Mid-sequence MDRs, wherein both peaks and valleys elicited
delays, seem to replicate Boltz’s (1998) findings – of subjects
judging melodies rich with contour changes as slower than
others, and Ammirante et al.’s (2011) who found longer (selfpaced) ITIs under similar conditions.
The finding of continued deviation from the standard 500ms in
the longer continuous lines condition is quite noteworthy,
because of the ongoing beep sequence which kept ‘reminding’

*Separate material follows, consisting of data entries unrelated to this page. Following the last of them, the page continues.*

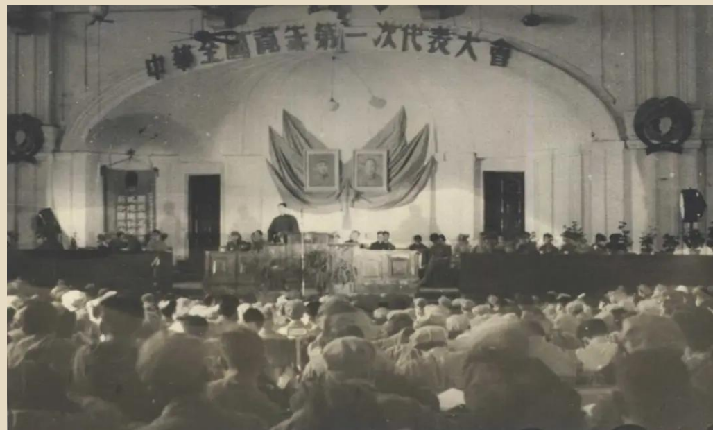
中华全国第一次青年代表大会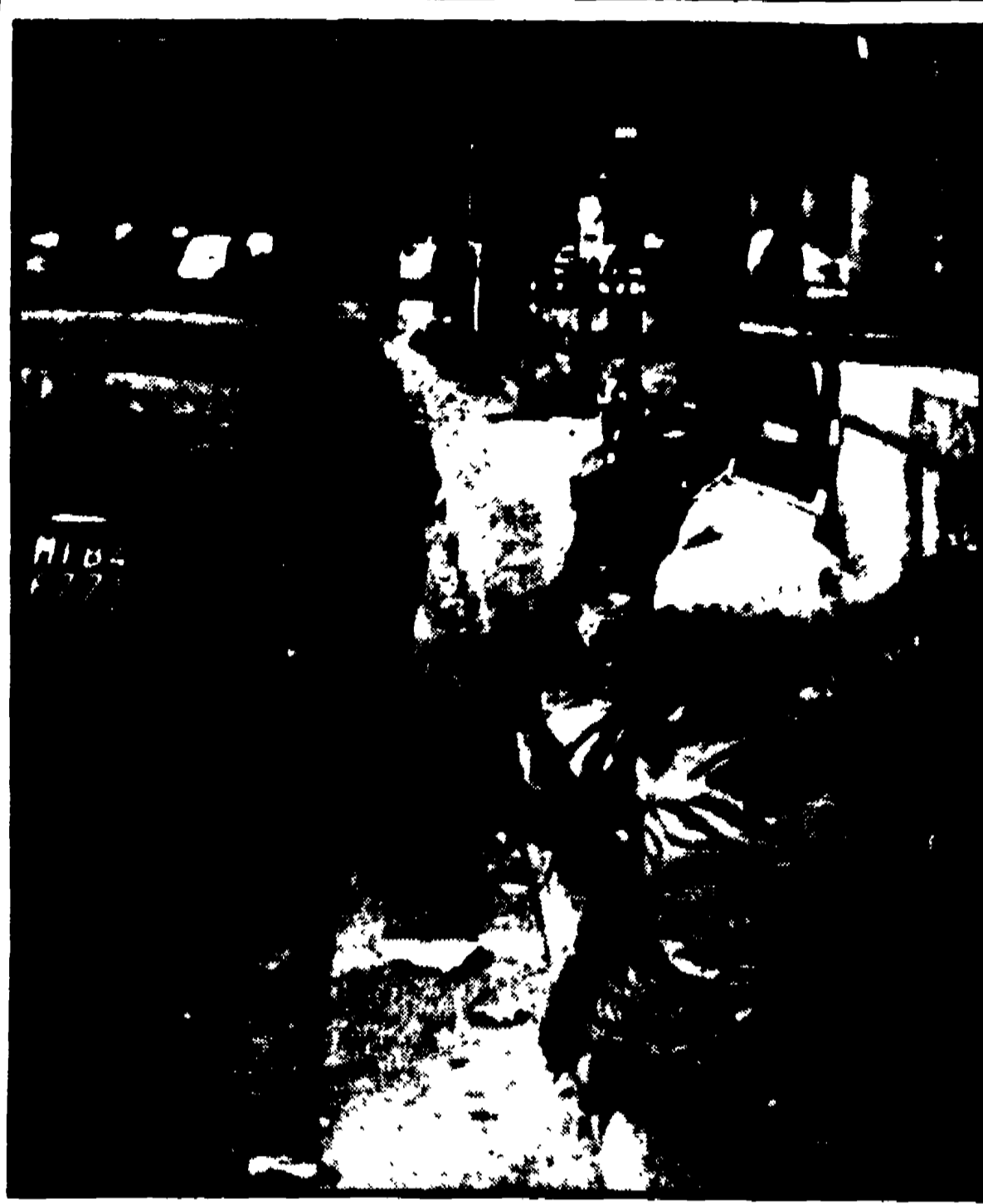
Si pulisce a Milano Da oggi verranno raccolti i rifiuti che nei giorni scorsi sono stati lasciati nelle strade di Milano, per lo sciopero dei netturbini. In alto: un'azione di protesta dei lavoratori della siderurgia, con il loro sciopero di solidarietà

«L'inflazione», ha detto, «è un fenomeno relativo, che dipende dal modo di considerare i prezzi». Il professore ha poi parlato della situazione attuale, in cui i prezzi di alcuni prodotti farmaceutici e dei concimi chimici stanno diminuendo, mentre i prezzi delle automobili stanno aumentando.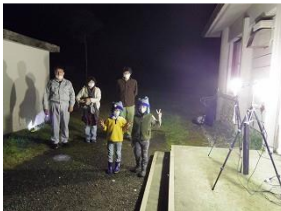
ライトトラップを前に参加者全員で記念撮影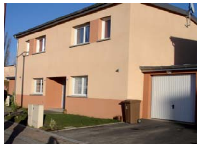
Des maisons mitoyennes, avec garage atenant.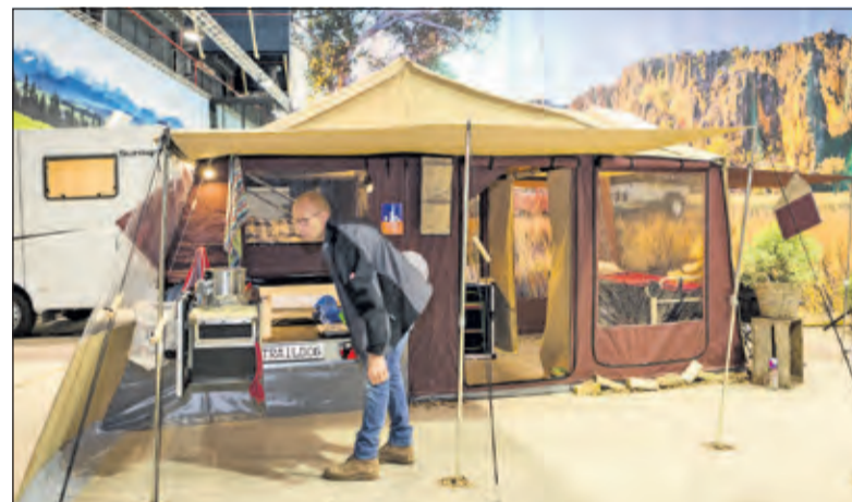
De kampeertiefhebber kan zijn hart binnenkort weer ophalen in de Jaarbeurs.

Langs de Innovatieroute zijn de nieuwste gadgets en de winnaar van de Start Up Contest te vinden. Bovendien kan dit jaar iedereen op de 'Kampeer & Caravan Jaarbeurs' camping blijven overnachten direct naast het beurscomplex. 11 t/m 15 oktober in de Jaarbeurs te Utrecht.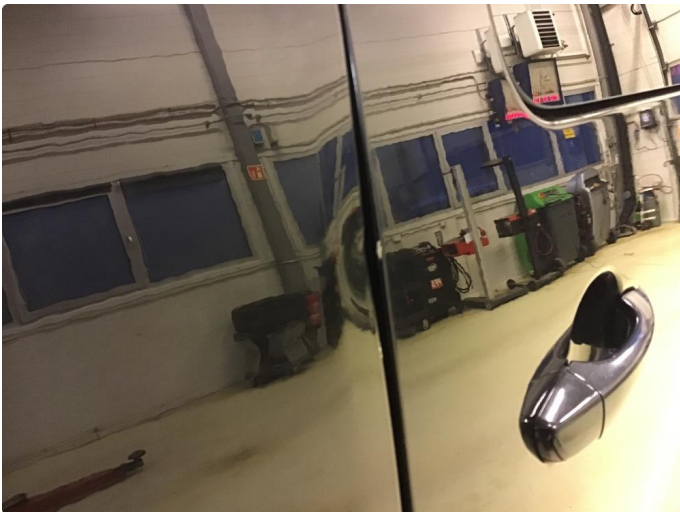
1.2 Bulk med lakkskade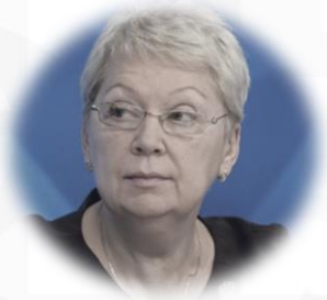
Ольга Васильева Министр образования РФ

«Дело в том, что без мифологизации нельзя... Понимаете, без героев, без героического облика исторических персонажей нельзя обойтись. Будь ты маленький человек, будь ты взрослый, у тебя должен быть идеал, к которому нужно стремиться».

subjects ‘where the beat is’. Such a prolonged tapping sequence
which is several milliseconds above or under the standard
reminds of what Repp’s (2001) subjects, including his nonmusicians, could do surprisingly well: instantaneous ‘phase
resetting’ in response to subliminal timing perturbations even
when tapping in anti-phase . But why should events in the pitch
dimension, such as a continuous rising melodic line, evoke
phase resetting in the time dimension?
There are noteworthy findings in the step-size_change
condition. One is musicians’ ‘slowing’ when melodic motion
rate slows (double-to-single step condition). This may fit the
Ideomotor approach, the auditory Kappa effect and the “Δ”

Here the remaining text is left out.